Technical Intelligence Report: 2026-02-12

Executive Summary

  • ROCm/MI300X Performance: AMD has released performance data for the verl RLHF framework on ROCm 7.0.0. The MI300X (8x) demonstrates up to 56% higher throughput in PPO training compared to the NVIDIA H100.
  • Linux Driver Unification: AMD has unified video decode implementations between RadeonSI (Gallium3D) and RADV (Vulkan) in Mesa 26.1, enabling Vulkan Video support for older GPUs (Hawaii generation) and reducing code maintenance.
  • Linux Scheduler Optimizations: Intel released v3 patches for “Cache Aware Scheduling” for the Linux kernel. While Intel-authored, benchmarks indicate significant performance gains for AMD EPYC Turin processors by reducing cache bouncing.
  • Competitor Expansion: NVIDIA is aggressively expanding Sovereign AI initiatives in Latin America, securing a cloud partnership with Claro in Brazil amidst a $4B government AI investment plan.

🤖 ROCm Updates & Software

[2026-02-12] Reinforcement Learning from Human Feedback on AMD GPUs with verl and ROCm 7.0.0

Source: ROCm Tech Blog

Key takeaway relevant to AMD:

  • Performance Win: MI300X outperforms NVIDIA H100 in both PPO and GRPO RLHF training throughput (up to 56% faster).
  • Software Maturity: Validates ROCm 7.0.0 and vLLM 0.11.0.dev stability for complex reinforcement learning workflows.
  • Ease of Deployment: AMD is providing prebuilt Docker images (rocm/verl) to streamline adoption.

Summary:

  • AMD integrated the verl (Volcano Engine Reinforcement Learning) framework with ROCm 7.0.0.
  • The update supports single-node and multi-node training using Ray and vLLM.
  • Benchmarks show leadership performance on AMD Instinct MI300X versus H100.

Details:

  • Software Stack: verl 0.6.0, ROCm 7.0.0, vLLM 0.11.0.dev.
  • Hardware Setup: 8x AMD Instinct MI300X (192 GB HBM3) vs. 8x NVIDIA H100.
  • PPO (Proximal Policy Optimization) Results:
    • Deepseek-llm-7b-chat: MI300X achieved 1,428.64 tokens/GPU/s vs. H100’s 910.42 (+56%).
    • Qwen2-7B-Instruct: MI300X achieved 1,514.46 tokens/GPU/s vs. H100’s 1,109.38 (+36%).
    • Convergence accuracy remained comparable between platforms (~69% for Deepseek, ~85% for Qwen2).
  • GRPO (Group Relative Policy Optimization) Results:
    • Deepseek-llm-7b-chat: MI300X achieved 2,781.74 tokens/GPU/s vs. H100’s 2,480.54 (+12%).
    • Qwen2-7B-Instruct: MI300X achieved 2,739.34 tokens/GPU/s vs. H100’s 2,467.10 (+11%).
  • Implementation:
    • Uses HIP_VISIBLE_DEVICES for GPU isolation (main difference from CUDA).
    • Supports Slurm for multi-node scaling.
    • Docker image available: rocm/verl:verl-0.6.0.amd0_rocm7.0_vllm0.11.0.dev.

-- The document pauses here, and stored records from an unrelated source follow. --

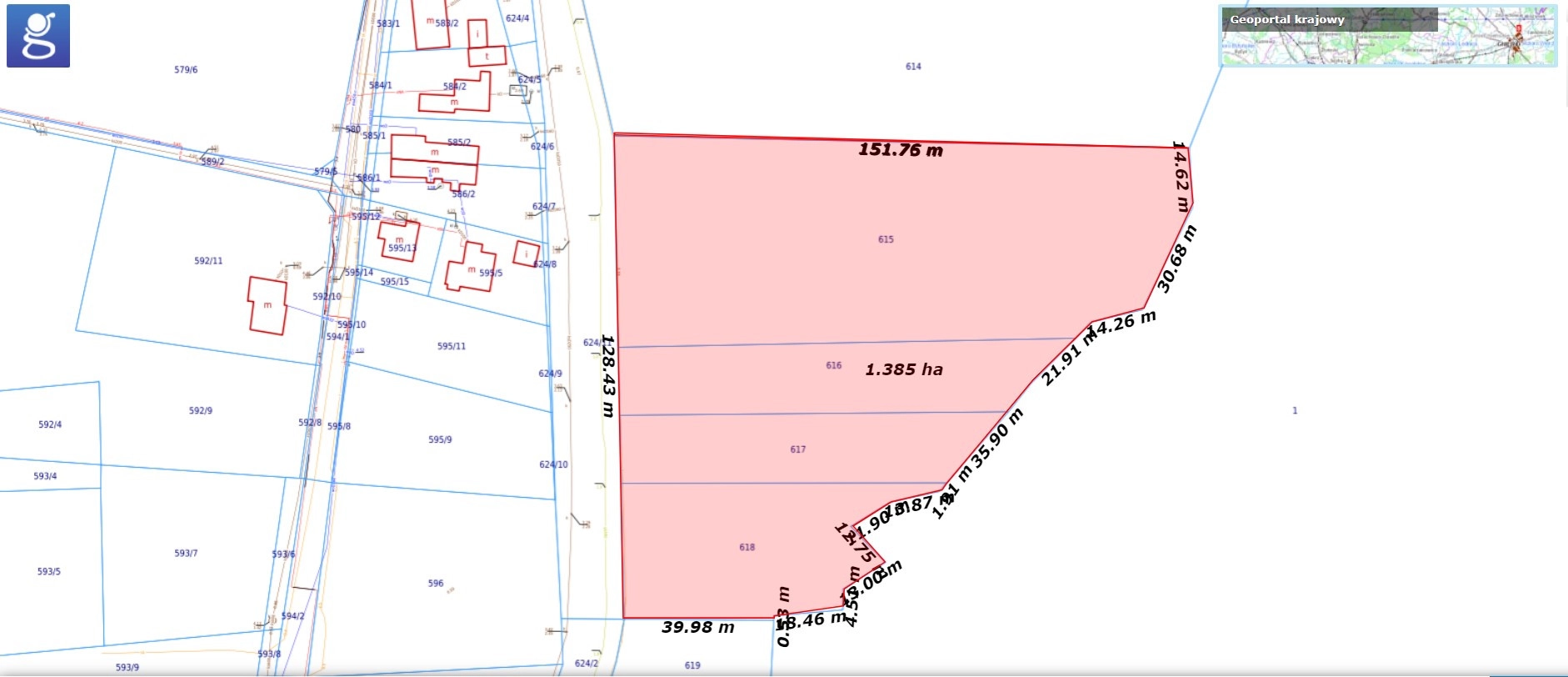 Przedmiotem sprzedaży są działki o numerach ewidencyjnych: 615, 616, 617, 618 o łącznej powierzchni 13700 m2. Na sąsiedniej działce o nr 619 ma powstać gminna MARINA, co mocno wpłynie na atrakcyjność przedmiotowych działek. Teren idealny pod kemping!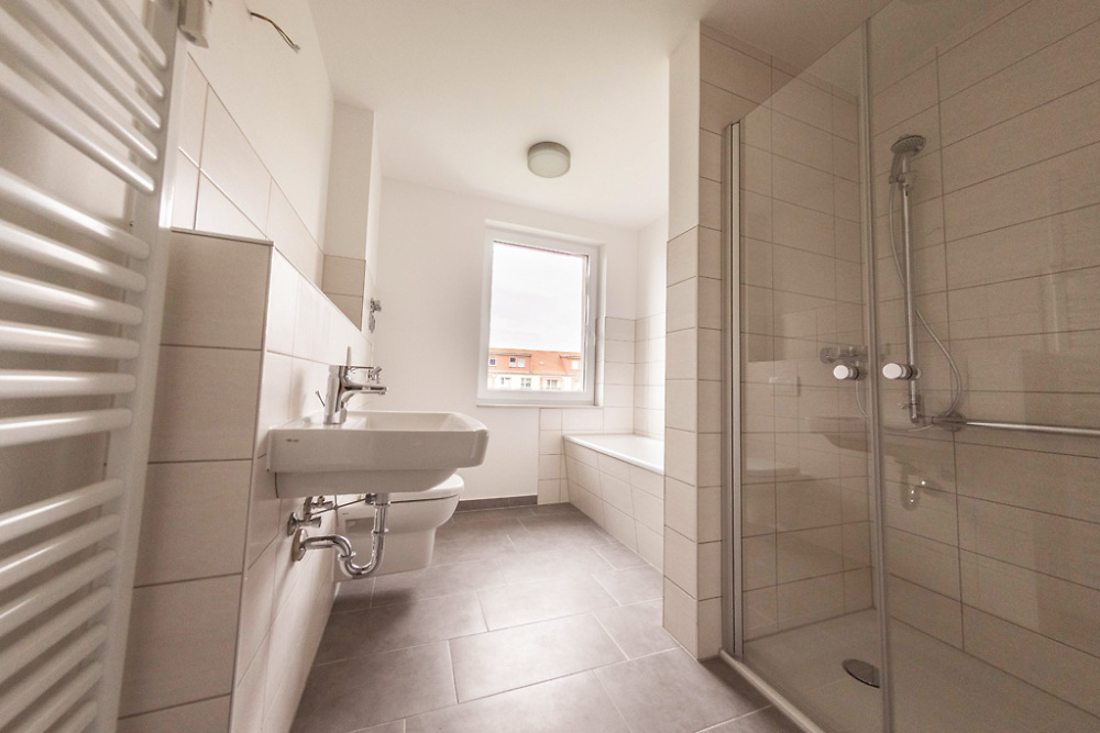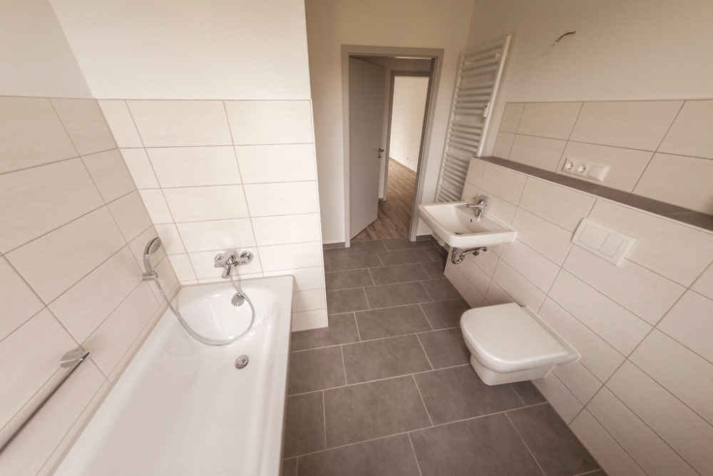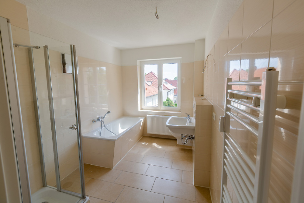 Auch in den Wohnungen wurde in der Vergangenheit viel in Richtung Wohnkomfort getan. So ist der Großteil unseres Wohnungsbestandes modernisiert. Alle unsere Wohnungen werden komplett renoviert und bezugsfertig übergeben. Geflieste Bäder und Küchen gehören genauso zum Standard wie die Austattung der Bäder mit einer Badewanne bzw. einer Dusche.
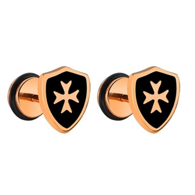 High-quality dark brown Maltese cross earring in stainless steel, available in three different colours.

[2026-02-12] AMD Video Decode Now Unified Between RadeonSI & RADV Vulkan Video

Source: Phoronix (AMD Linux)

Key takeaway relevant to AMD:

  • Driver Efficiency: Unified code path reduces maintenance overhead (-1.4k lines of code) in Mesa 26.1.
  • Feature Expansion: Enables RADV Vulkan Video support for legacy hardware (Hawaii GPUs and older), which previously lacked this capability in Vulkan.

Summary:

  • Merged into Mesa 26.1-devel today, unifying video decode logic for RadeonSI (Gallium3D) and RADV (Vulkan).
  • Led by AMD engineer David Rosca.

Details:

  • Scope: Covers Video Core Next (VCN), VCN JPEG, and Unified Video Decode (UVD) engines.
  • Technical Change: Shifts ~6,000 lines of code to a shared interface, resulting in a net reduction of ~1,400 lines.
  • Impact:
    • RADV driver now uses the same robust decode implementation as RadeonSI.
    • Immediate support for Vulkan Video decoding on older hardware generations (pre-Polaris/Vega).
    • Stable debut expected in Mesa 26.1 (Q2 2026).

🤼‍♂️ Market & Competitors

[2026-02-12] Intel Posts 2026 Update For Cache Aware Scheduling On Linux

Source: Phoronix (AMD Linux)

Key takeaway relevant to AMD:

  • Cross-Vendor Benefit: Although authored by Intel, independent benchmarks show these patches provide “Big Potential” for AMD EPYC Turin processors.
  • Performance Uplift: Improves performance in multi-cache domain architectures (Chiplet/CCD designs common in AMD EPYC) by reducing cache misses and bouncing.

Summary:

  • Intel posted v3 patches for “Cache Aware Scheduling” for Linux.
  • Targeting inclusion in the Linux kernel in 2026 (potentially post-Linux 7.0).

Details:

  • Mechanism: Colocates tasks sharing data to the same cache domain to ensure better LLC (Last Level Cache) locality.
  • New Optimization: The scheduler now skips cache-aware behavior after repeated load balancing failures to prevent performance regression.
  • Relevance:
    • Critical for high-core-count server CPUs (Intel Xeon 6 Granite Rapids & AMD EPYC Turin).
    • Accounting for tasks preferring specific LLCs is now maintained in the lowest-level sched domain per CPU.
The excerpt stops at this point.